Using Dask on Ray with the Ensemble#
Ray is an open-source unified framework for scaling AI and Python applications. Ray provides a scheduler for Dask (dask_on_ray) which allows you to build data analyses using Dask’s collections and execute the underlying tasks on a Ray cluster. Ray can be used on TAPE using the setup shown in the following example.
[1]:
import ray
from ray.util.dask import enable_dask_on_ray, disable_dask_on_ray
from tape import Ensemble
from tape.analysis.structurefunction2 import calc_sf2
context = ray.init()
# Use the Dask config helper to set the scheduler to ray_dask_get globally,
# without having to specify it on each compute call.
enable_dask_on_ray()
2024-08-09 19:33:00,958 INFO util.py:154 -- Missing packages: ['ipywidgets']. Run `pip install -U ipywidgets`, then restart the notebook server for rich notebook output.

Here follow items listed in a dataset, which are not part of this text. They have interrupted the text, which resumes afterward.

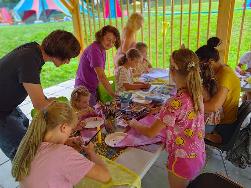 Ponadto, najmłodsi uczestnicy naszego wydarzenia mogli wziąć udział w warsztatach plastycznych. Pod okiem Agnieszki Andrzejczak-Wiaderek z lubańskiej Pracownia artystyczna "Świece z sercem" powstawały wielobarwne wzory na bandanach. Z kolei wraz z Katarzyną Rzeczkowską z Izerska Majstrownia mogli stworzyć unikatową biżuterię bądź aromatyczną świeczkę z węzy pszczelej.
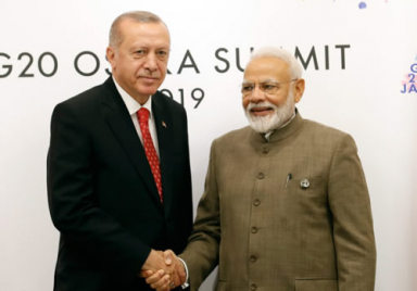 President Recep Tayyip Erdoğan met with Prime Minister Narendra Modi of India on the sidelines of the G20 Osaka Summit in Japan. Minister of Foreign Affairs Mevlüt Çavuşoğlu, Minister of Treasury and Finance Berat Albayrak and Minister of National Defense Hulusi Akar accompanied the President during the meeting at the International Exhibition Center (INTEX), the venue of the summit. https://www.tccb.gov.tr/en/news/542/106819/president-erdogan-meets-with-indian-pm-modi
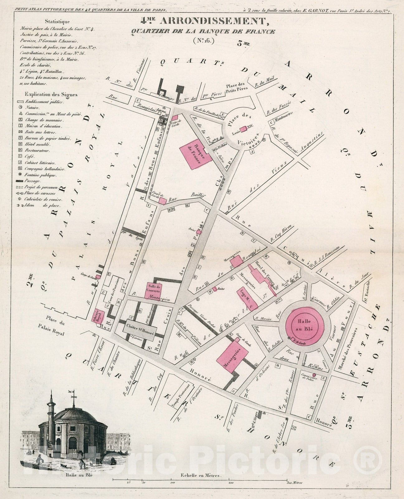Historic Map : Paris four Me. Arrondissement : Quartier de la Banque de France. No. (16), 183four, Vintage Wall Decor
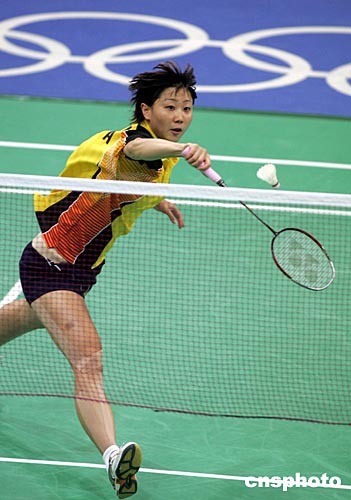 中國參加雅典奧運會女子羽毛球單打比賽的選手周密,當地時間8月16日以2比0輕松戰勝保加利亞選手佩蒂婭,與隊友張寧、龔睿那一同進入前四名。中新社記者:任晨鳴
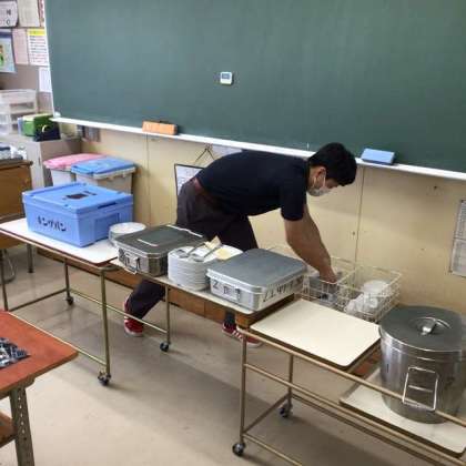 担任の先生が、一人で配膳台の上に食器や給食が入った食缶を並べていました。
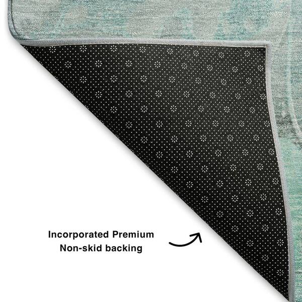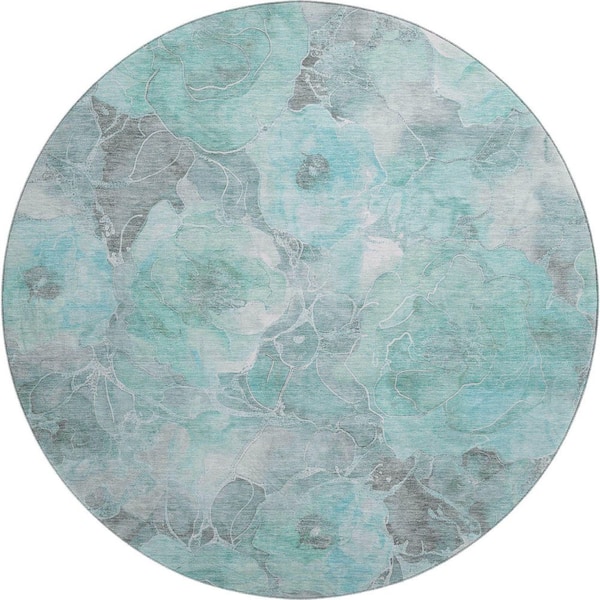 Mayfield Premium Machine Washable Abstract AMF1859 Teal 8 ft. x 8 ft. Round Rug
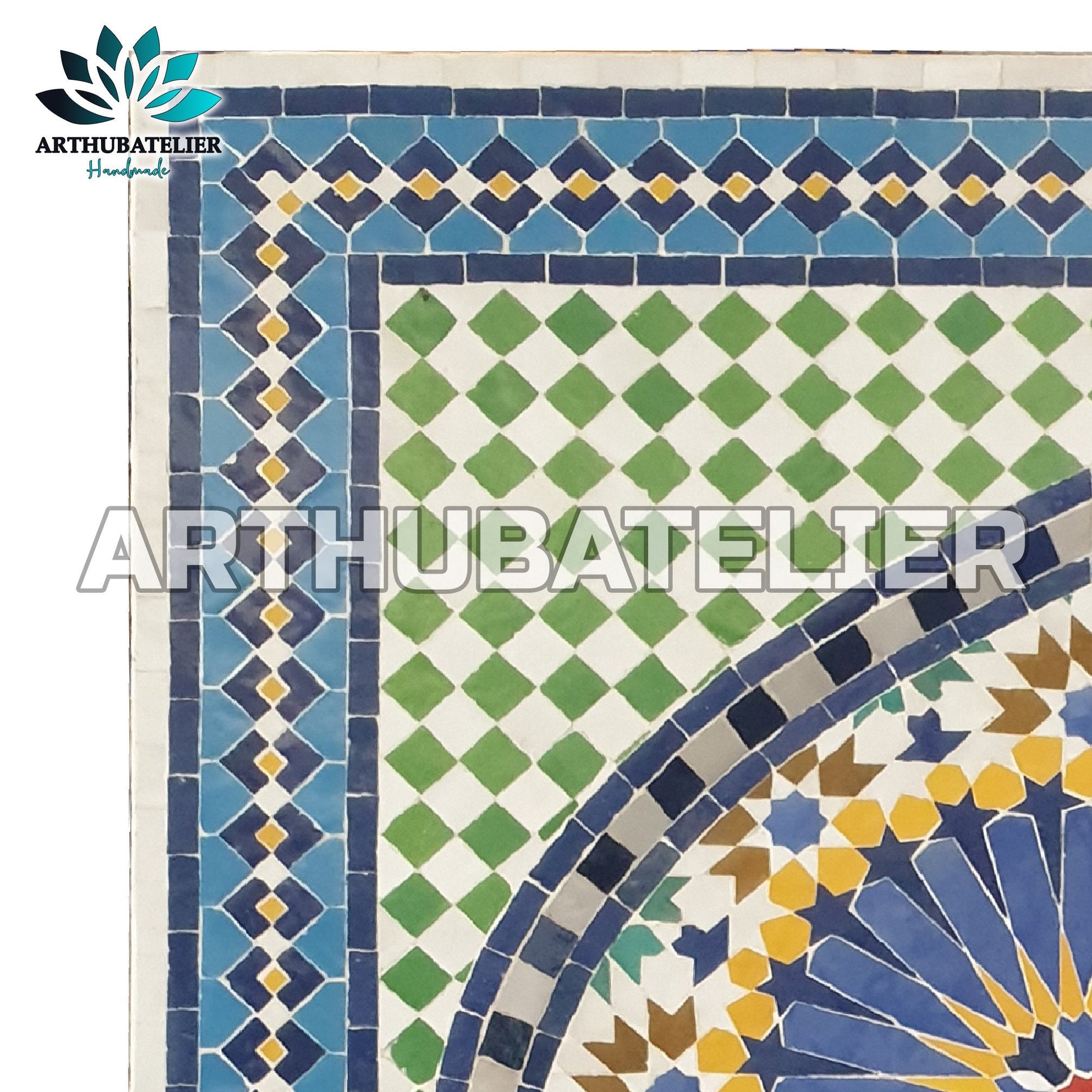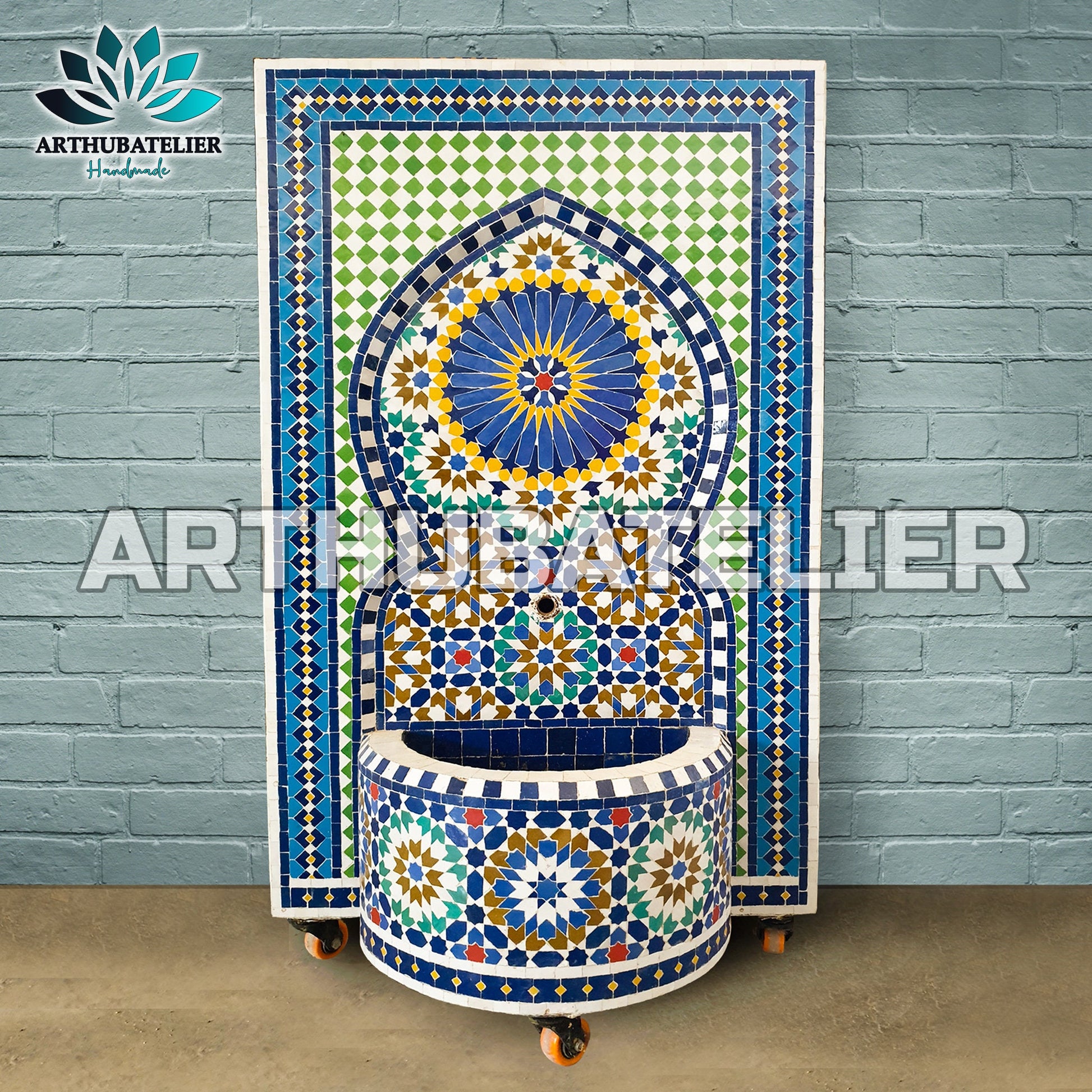 Enhance your space with this exquisite Moroccan Zellige fountain, a true masterpiece of craftsmanship. Featuring a vibrant geometric pattern in shades of blue, green, and earthy tones, this fountain is perfect for both indoor and outdoor settings.

2024-08-09 19:33:10,457 WARNING services.py:2017 -- WARNING: The object store is using /tmp instead of /dev/shm because /dev/shm has only 67108864 bytes available. This will harm performance! You may be able to free up space by deleting files in /dev/shm. If you are inside a Docker container, you can increase /dev/shm size by passing '--shm-size=1.89gb' to 'docker run' (or add it to the run_options list in a Ray cluster config). Make sure to set this to more than 30% of available RAM.

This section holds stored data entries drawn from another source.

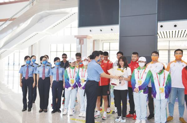 为服务好“十四运”运动员离汉返程,汉中车务段积极与执委会对接,车务段团委提前发布“招募令”,组织休班团员青年与市志愿者协会成立联合志愿服务团队,提前安排做好接站、专人引导、扫码测温、专区候车等服务。同时,还为离开汉中的“十四运”运动员送上了寓意美好的鲜花和真挚的祝福。
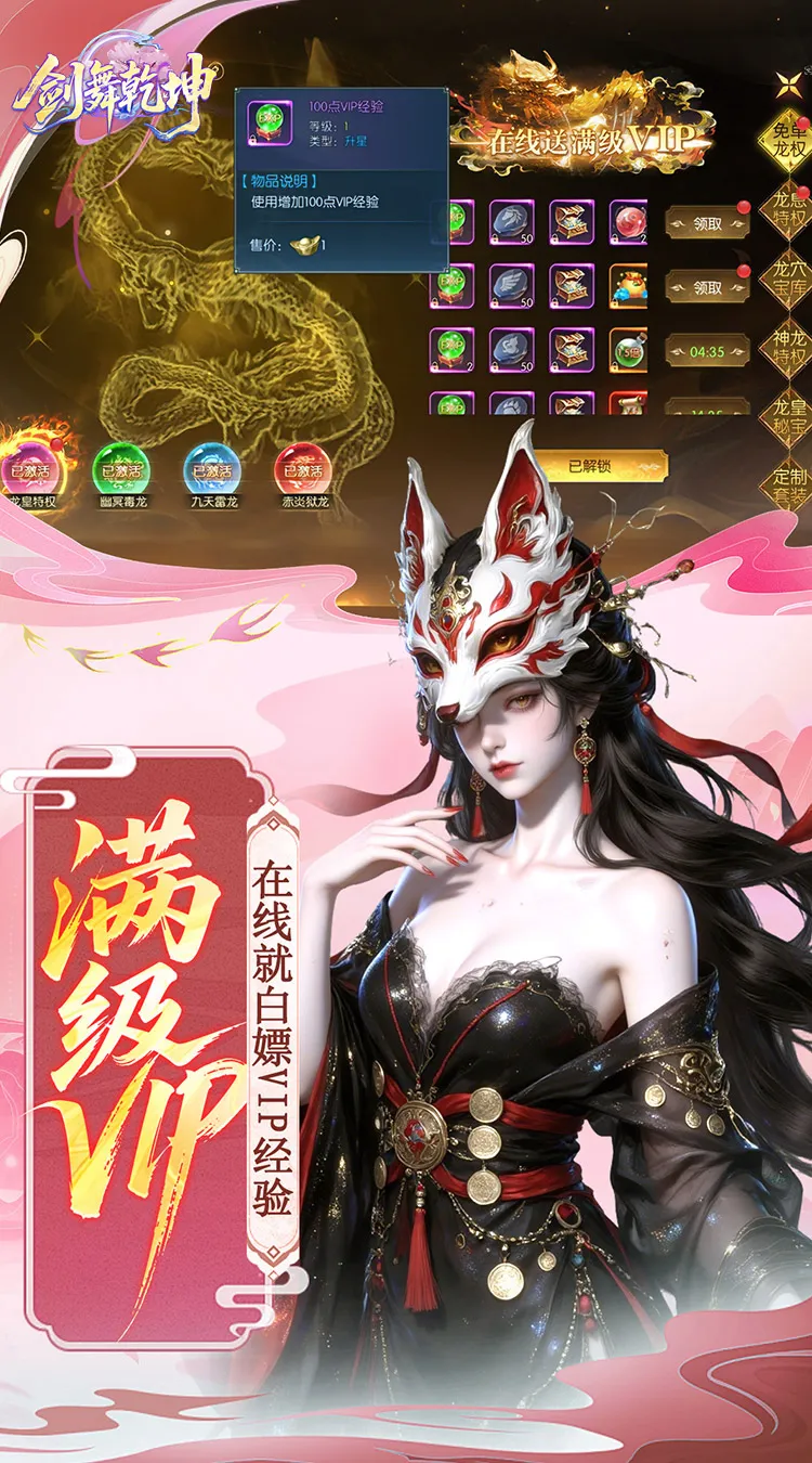 4.【满级VIP】:在线就送VIP经验,不用再怕低人一等!
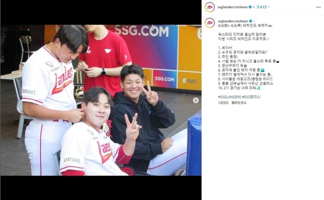 • SSGのチームメイトと(SSGインスタグラムより)
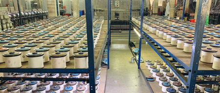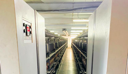 Certain fabrics require twisting in yarn for the desired feel and fall of the fabric. Twisting means significantly improving certain yarn properties and fulfilling textile requirements that cannot be fulfilled by the single yarns. When two or more single yarns are twisted together they are designated as doubled yarn, folded yarn or plied yarn and the machines intended for the purpose are called doublers, ply- twisters or two-for-one (TFO) twisters. Our T.F.O machine comes from one of the best manufacturers Alidhra Weavetech. T.F.O machine helps us to obtain long length of knot free yarns which facilitates better performance in the subsequent processes and also helps us to higher the productivity. This machine gives us an edge over our competitors and stand ahead of the race.

2024-08-09 19:33:11,508 INFO worker.py:1781 -- Started a local Ray instance.
/home/docs/checkouts/readthedocs.org/user_builds/tape/envs/latest/lib/python3.10/site-packages/dask/config.py:789: FutureWarning: Dask configuration key 'shuffle' has been deprecated; please use 'dataframe.shuffle.algorithm' instead
warnings.warn(
[1]:
<dask.config.set at 0x7f26dd506e60>
We import ray, and just need to invoke two commands. context = ray.init() starts a local ray cluster, and we can use this context object to retrieve the url of the ray dashboard, as shown below. enable_dask_on_ray() is a dask configuration function that sets up all Dask work to use the established Ray cluster.
[2]:
print(context.dashboard_url)
For TAPE, the only needed change is to specify client=False when initializing an Ensemble object. Because the Dask configuration has been set, the Ensemble will automatically use the established Ray cluster.
[3]:
ens = Ensemble(client=False) # Do not use a client
From here, we are free to work with TAPE as normal.
[4]:
ens.from_dataset("s82_qso", sorted=True)
ens.source = ens.source.repartition(npartitions=10)
ens.batch(
calc_sf2, use_map=False
) # use_map is false as we repartition naively, splitting per-object sources across partitions
Using generated label, result_1, for a batch result.
[4]:
| lc_id | band | dt | sf2 | 1_sigma | |
|---|---|---|---|---|---|
| npartitions=10 | |||||
| 70 | int64 | object | float64 | float64 | float64 |
| 406146 | ... | ... | ... | ... | ... |
| ... | ... | ... | ... | ... | ... |
| 5509561 | ... | ... | ... | ... | ... |
| 7913279 | ... | ... | ... | ... | ... |